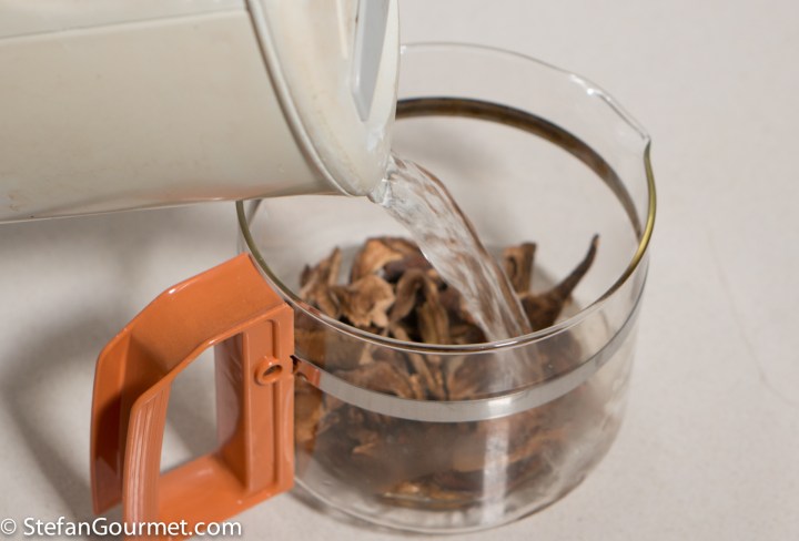 Put the dried porcini mushrooms in a bowl and cover with boiling water. Allow to soak for 10 minutes.
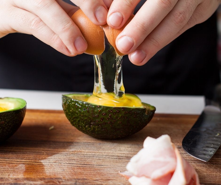 - Crack the egg directly in the avocado half. Season with salt and pepper. Repeat with the rest avocados and eggs.
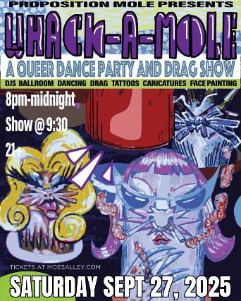 Proposition Mole presents: Whack-A-Mole - a queer dance party and drag show featuring DJs, dancing, drag show, caracitures, face painting and balloons!  Saturday, September 27, 2025 Doors: 8pm / Drag Show: 9:30 $10 in advance / $15 day of the show 21+ *All sales are final *Avoid scammers! Only purchase tickets from moesalley.com or ticketweb.com ==== PROPOSITION MOLE ITS WHACK-A-MOLE TIME!! Get ready for a night of gay dancing, a fabulous drag show, and party festivities  September 27th at Moe’s Alley, or should we say MOLE’S ALLEY, we’re bringing ballroom queer realness to the gays of Santa Cruz so you best be ready to DANCE! As with all of our events we want to raise money for our neighbors who need support. All of the proceeds of this event will be split between families facing unjust deportation and families in need of resources in Palestine. Come support our friends and family facing horrible unjust practices right now Presale tickets are available now for $10 in the link in our bio! And $15 at the door. We’ll also be accepting further donations for anyone wanting to help out more! GET YOUR TICKETS SOON BEFORE THEY SELL OUT ᘛ⁐̤ᕐᐷ*  SERVE * DANCE * VOGUE * STRUT * BRING THE COLOR * BRING THE LOVE * BRING QUEER RESISTANCE!!
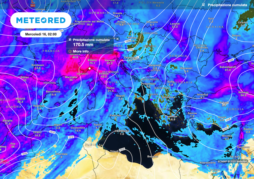 Inquadriamo ora in genere il periodo da lunedì a giovedì, senza scendere troppo nei dettagli che potrete leggere negli aggiornamenti di Meteored. Tanta pioggia cadrà specie sulla Liguria, nell’episodio come si nota dal nostro modello si potranno avvicinare i 170-180 mm, localmente anche 200 mm. Piogge frequenti su tutto il nord, in genere le perturbazioni per fortuna transitano veloci e si avranno pause di variabilità ma si accentua così la saturazione del suolo.
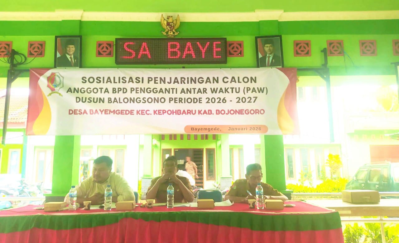 BOJONEGORO – Pemerintah Desa Bayemgede, Kecamatan Kepohbaru, Kabupaten Bojonegoro menggelar sosialisasi penjaringan calon anggota Badan Permusyawaratan Desa (BPD) Pengganti Antar Waktu (PAW) dari Dusun Balongsono untuk periode 2026–2027.

Work to complete: No pictures belong in the copy. Repeat the entries exactly.

Solution to the problem:
 Put the dried porcini mushrooms in a bowl and cover with boiling water. Allow to soak for 10 minutes.
 - Crack the egg directly in the avocado half. Season with salt and pepper. Repeat with the rest avocados and eggs.
 Proposition Mole presents: Whack-A-Mole - a queer dance party and drag show featuring DJs, dancing, drag show, caracitures, face painting and balloons!  Saturday, September 27, 2025 Doors: 8pm / Drag Show: 9:30 $10 in advance / $15 day of the show 21+ *All sales are final *Avoid scammers! Only purchase tickets from moesalley.com or ticketweb.com ==== PROPOSITION MOLE ITS WHACK-A-MOLE TIME!! Get ready for a night of gay dancing, a fabulous drag show, and party festivities  September 27th at Moe’s Alley, or should we say MOLE’S ALLEY, we’re bringing ballroom queer realness to the gays of Santa Cruz so you best be ready to DANCE! As with all of our events we want to raise money for our neighbors who need support. All of the proceeds of this event will be split between families facing unjust deportation and families in need of resources in Palestine. Come support our friends and family facing horrible unjust practices right now Presale tickets are available now for $10 in the link in our bio! And $15 at the door. We’ll also be accepting further donations for anyone wanting to help out more! GET YOUR TICKETS SOON BEFORE THEY SELL OUT ᘛ⁐̤ᕐᐷ*  SERVE * DANCE * VOGUE * STRUT * BRING THE COLOR * BRING THE LOVE * BRING QUEER RESISTANCE!!
 Inquadriamo ora in genere il periodo da lunedì a giovedì, senza scendere troppo nei dettagli che potrete leggere negli aggiornamenti di Meteored. Tanta pioggia cadrà specie sulla Liguria, nell’episodio come si nota dal nostro modello si potranno avvicinare i 170-180 mm, localmente anche 200 mm. Piogge frequenti su tutto il nord, in genere le perturbazioni per fortuna transitano veloci e si avranno pause di variabilità ma si accentua così la saturazione del suolo.
 BOJONEGORO – Pemerintah Desa Bayemgede, Kecamatan Kepohbaru, Kabupaten Bojonegoro menggelar sosialisasi penjaringan calon anggota Badan Permusyawaratan Desa (BPD) Pengganti Antar Waktu (PAW) dari Dusun Balongsono untuk periode 2026–2027.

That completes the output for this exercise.